The Problem With Software

Sep 07, 2016

I was reading Martin Fowler’s well-known paper on architecture as a result of the reading and thinking I’ve been doing about the work of an architect (as exemplified in a few recent articles).

I very much like the idea of thinking about architecture as “things which are hard to change”. As he points out, in software there is no particular reason why anything should be hard to change. For anything we can think of: interfaces, database schema, even programming language, someone has come up with a scheme to make it easy to change.

In the article, Fowler extensively quotes Ralph Johnson. In one place, Johnson points out that there is some limit to making something easy to change. Every attempt to make something easy to change increases the complexity a little bit. Coding to interfaces is an excellent practice to make it easy to change out the implementation, but it makes the job of the maintainer a little more complex, as it breaks the explicit connection between the method being called and the specific implementation. Dependency injection makes it easy to change a class’ collaborators, but at the cost of shifting the satisfaction of dependencies somewhere else.

It’s interesting to compare this way of thinking with what Fred Brooks says in No Silver Bullet. They both agree that complexity is what makes software difficult. The question is whether this complexity is purely a consequence of limits in our imagination, designs, and organizations, as Johnson and Fowler seem to imply, or whether it is inherent in the underlying problem that software is trying to solve, which is what Brooks suggests in No Silver Bullet.

As an example, take a piece of software that is trying to model some real-world phenomenon, like the climate. The Earth’s climate is enormously complex. To create a complete computer simulation of the climate would require a computer program that contained every significant factor. Unfortunately, as Douglas Adams pointed out by disproving the existence of art, there simply isn’t a simulation big enough.

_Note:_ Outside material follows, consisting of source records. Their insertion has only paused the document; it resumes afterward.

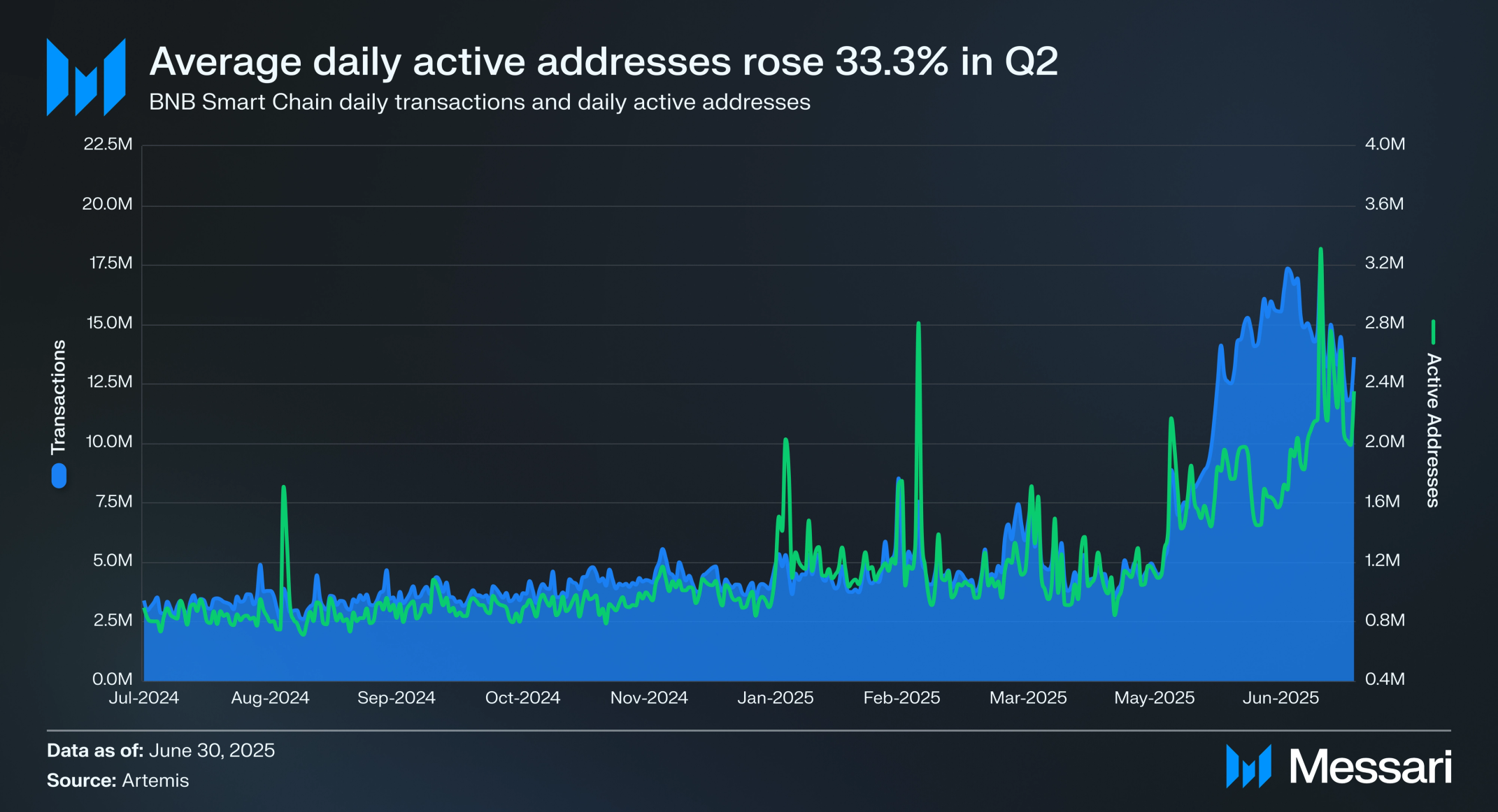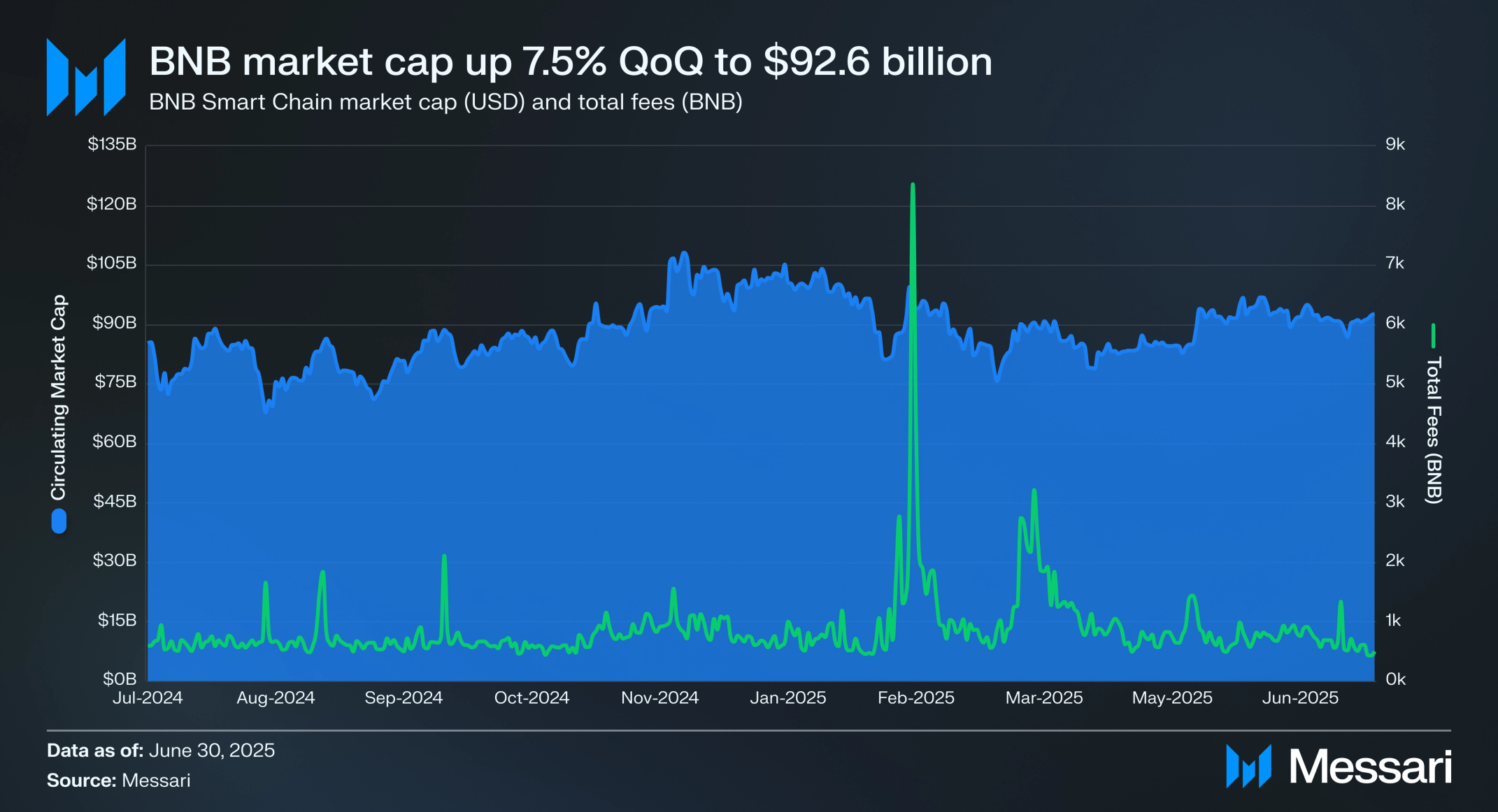 BNB의 시가총액은 2분기 말까지 전분기 대비 7.5% 증가하여 926억 달러에 도달했으며, 1분기 하락에서 회복했다. BNB 가치평가의 완만한 반등은 유동성 긴축과 거시 불확실성에 대응하여 시장 참가자들이 위험을 재조정하면서 전반적으로 엇갈린 자산 성과를 보인 분기에 이루어졌다. 2024년 4분기 최고치로 돌아오지는 않았지만, BNB의 상대적 회복력은 체인의 로드맵 실행과 장기 포지셔닝에 대한 투자자 신뢰 증가를 시사한다.
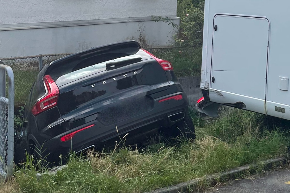 Das Auto fuhr über den Parkplatz hinaus, touchierte dabei ein parkiertes Wohnmobil und fuhr in ein Bachbett. Verletzt wurde beim Unfall niemand.
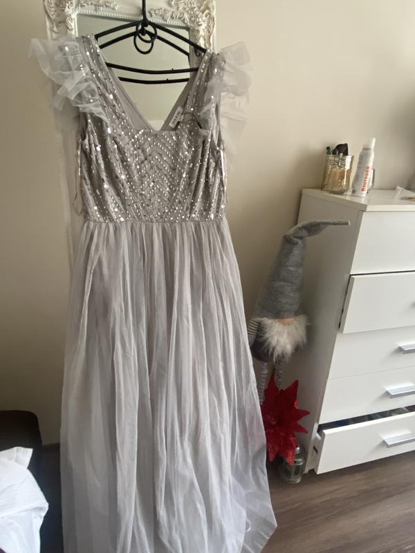 Платье праздничное, новое., размер 10, юбка истины с чехлом, верх бисер и стеклярус, очень красивый серый цвет. Пог 46, пот 37, длина юбки от талии - 110см.
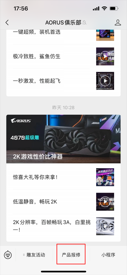 微信搜索并关注“AORUS俱乐部”公众号,选择【产品报修】功能菜单操作申请;
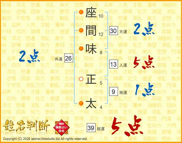座(10画)間(12画)味(8画) 正(5画)太(4画)
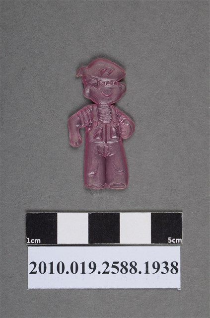 1.本物件為卡通淘氣阿丹之阿丹尪仔仙。硬質塑膠材質,扁平,單一紫色,雙面浮雕圖案,兩面圖案相同。圖案為站立的阿丹,穿著吊帶褲和橫條紋上衣,一手在前,一手在後。

So we need a model, which omits some of the significant factors but hopefully gives us enough of the biggest ones so that we can make large-scale predictions. (We can’t make small-scale predictions without all the factors; that would be the equivalent of predicting the weather a month from now.) The point is that, in order to produce a program we can actually run, we already have to reduce the complexity of our computer program compared to that of the real world. (Of course, global climate models have been doing rather poorly compared to observations lately, but even if they were doing well the point would still hold.)

So without even introducing any complexity brought about by architecture or design flaws, we already have as much complexity as we can possibly handle. In fact, we have left over complexity that we can’t handle; if we could handle more complexity, we would introduce more climate factors and make the program more complex.

This is what Brooks means by the essential complexity. It comes to us from the fact that we are modeling the real world. There is no reason to think that there is any way to remove or get around this essential complexity. Even in cases where the complexity is ultimately human (as in the complexity of an app like Uber that is continually matching riders with drivers) we can’t make the complexity go away, no matter how good our architecture is.

So what would be the hallmark of a good architecture? One answer might be that it introduces as little complexity as possible. However, we saw earlier that every time we make something easy to change, we introduce some complexity. So maybe we would say it introduces as little complexity as practical. But really all we’ve done is just push the question back a step, because how do we know if the complexity we’ve introduced is practical?

Fowler says that agile methods attempt to contain complexity by reducing “irreversability”. When we say we make something easy to change, we could also say that we are making the decision easy to “undo”. I code to interfaces even though I’ve already picked an implementation because I might want to “unpick” that implementation. Unfortunately, this looks to me more like shifting complexity rather than eliminating it. I introduce a microservice architecture to make it easy to change out a component, but now in place of the complexity of coupling I have the complexity of asynchronous processing and interface marshalling.

Ultimately I don’t think this problem admits a solution. I suppose that’s good, in a way; I enjoy spending part of my time doing software architecture and it would be a pity if there turned out to be One Right Architecture that we just had to apply to solve all our problems. I don’t think there’s anything we can reasonably expect to do as software developers other than continue to muddle through, do the best we can with what we know, and continue to grind out incremental improvements in building software with each new technology, new idea, and new generation of developers. But given that this is how we got from the observation balloon to sending people into space, maybe that’s not such a bad approach after all.